- The paper introduces Step-DPO, an approach that refines preference optimization by focusing on individual reasoning steps in long-chain problems.
- It employs a three-stage data construction pipeline to generate about 10K step-wise preference pairs, ensuring effective in-distribution training.
- Experimental results demonstrate nearly a 3% accuracy gain on the MATH dataset, aligning LLM reasoning closer to human-level performance.
Step-DPO: Enhancing Mathematical Reasoning in LLMs
Introduction
The paper "Step-DPO: Step-wise Preference Optimization for Long-chain Reasoning of LLMs" addresses the challenge of mathematical reasoning in LLMs by proposing Step-DPO as an improvement over Direct Preference Optimization (DPO). The key issue with DPO lies in its inadequacy in handling errors within long-chain reasoning tasks, particularly in mathematics, where the correctness of each step is crucial. Step-DPO refines this by optimizing preference at the reasoning step level, allowing for finer supervision and correction of errors as they arise.
Step-DPO Approach
The Step-DPO framework treats individual reasoning steps as preference optimization units rather than evaluating answers holistically. This methodology is essential in long-chain reasoning tasks where errors often manifest in intermediate steps. By focusing on correcting the first erroneous step, Step-DPO enhances the model's ability to learn the correct reasoning trajectory.
This refinement allows models to significantly improve their accuracy on mathematical datasets like MATH and GSM8K, particularly in handling complex problems requiring extensive reasoning chains.
Figure 1: Comparison between DPO and Step-DPO.
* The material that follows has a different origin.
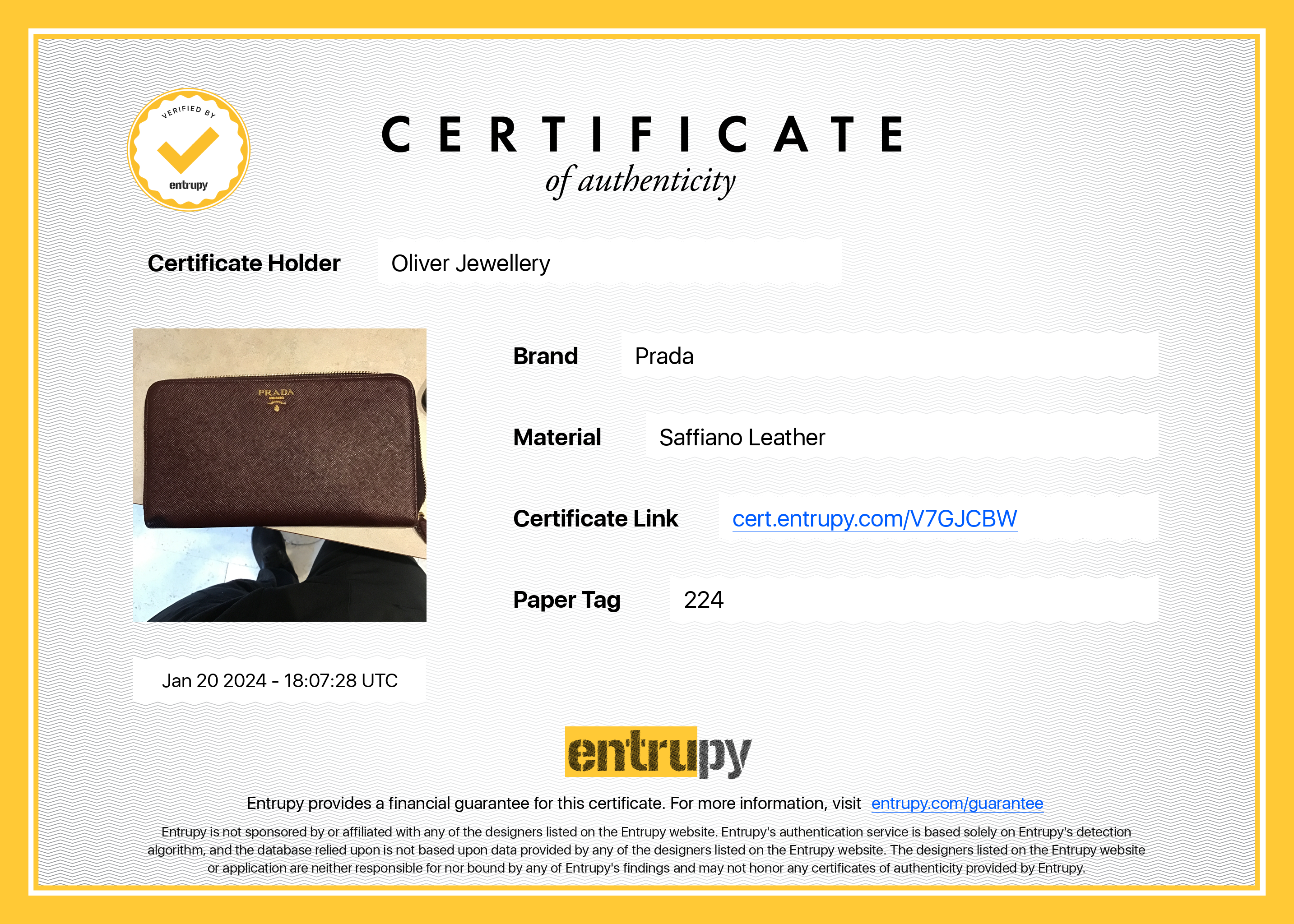 Entrupy Certificate of Authenticity

Data Construction Pipeline
To support Step-DPO, the paper introduces an effective data construction pipeline that efficiently assembles a high-quality dataset. This pipeline involves three key stages: error collection, step localization, and rectification. In the error collection phase, mathematical problems with incorrect model-generated solutions are identified. The step localization phase detects the first erroneous reasoning step through either manual verification or the use of ATI tools like GPT-4. Finally, rectification involves generating correct reasoning steps using the reference model, ensuring the data remains in-distribution.
The pipeline demonstrates a streamlined process for generating approximately 10K step-wise preference pairs, allowing models to learn from detailed reasoning errors and preferred in-distribution solutions.
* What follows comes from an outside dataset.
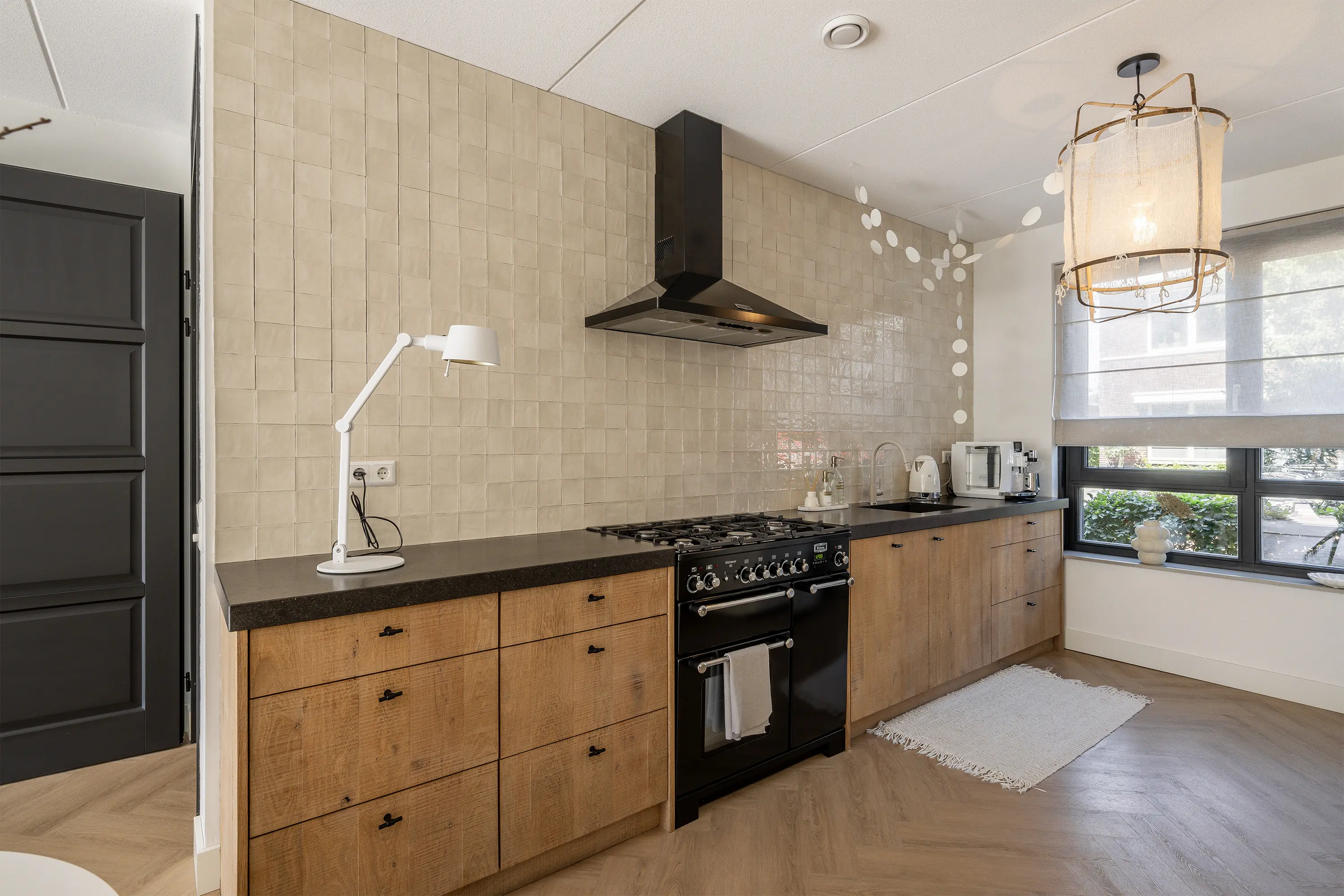 In de woonkamer valt meteen de royale ruimte op, die door de grote ramen aan de tuinzijde volop natuurlijk licht ontvangt. Openslaande deuren geven direct toegang tot de tuin. Aan de voorzijde van de woning bevindt zich de open keuken, geplaatst in een praktische nis. De keuken is voorzien van houten fronten, een composiet werkblad en diverse inbouwapparatuur, waaronder een 5-pits gasfornuis met afzuigkap (Falkon kitchener), dubbele oven, vaatwasser, spoelbak met heet waterkraan en een koel-/vriescombinatie.

Figure 2: Data construction pipeline for Step-DPO.
Figure 3: An example of preference data sample for Step-DPO.
Experimental Results
Step-DPO shows substantial improvements in mathematical reasoning for models with over 70B parameters, delivering nearly a 3\% gain in accuracy on the MATH dataset. The method aligns models more closely with human-level reasoning, achieving higher benchmark scores compared to previous state-of-the-art models including GPT-4-1106 and Claude-3-Opus.
The paper provides an in-depth analysis, showcasing how Step-DPO maintains accuracy with fewer than 500 training steps and a significantly smaller dataset, emphasizing its efficiency in data utilization and training resource management.
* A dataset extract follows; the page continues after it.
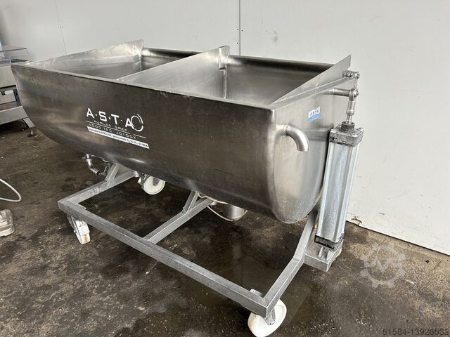 Нержавеющий, резервуар объемом 500 л (два по 250 л), с рубашкой, пневматическим наклоном для разгрузки, мобильный

Figure 4: Accuracy on the MATH test set across models fine-tuned by Step-DPO and other state-of-the-art models. \dagger: reproduced result using our prompt.
Conclusion
Step-DPO presents a meaningful advancement in the alignment and training of LLMs for complex reasoning tasks, specifically within mathematics. By refining the approach to preference optimization at a granular level and leveraging efficient data construction methods, Step-DPO proves to be an effective tool in enhancing the accuracy of mathematical reasoning in LLMs. The research invites further exploration into similarly structured optimization techniques across various reasoning-sensitive domains, with potential applications in AI-driven educational tools and automated reasoning systems.
Figure 5: An example of comparison between Qwen2-72B-Instruct and Qwen2-72B-Instruct-Step-DPO.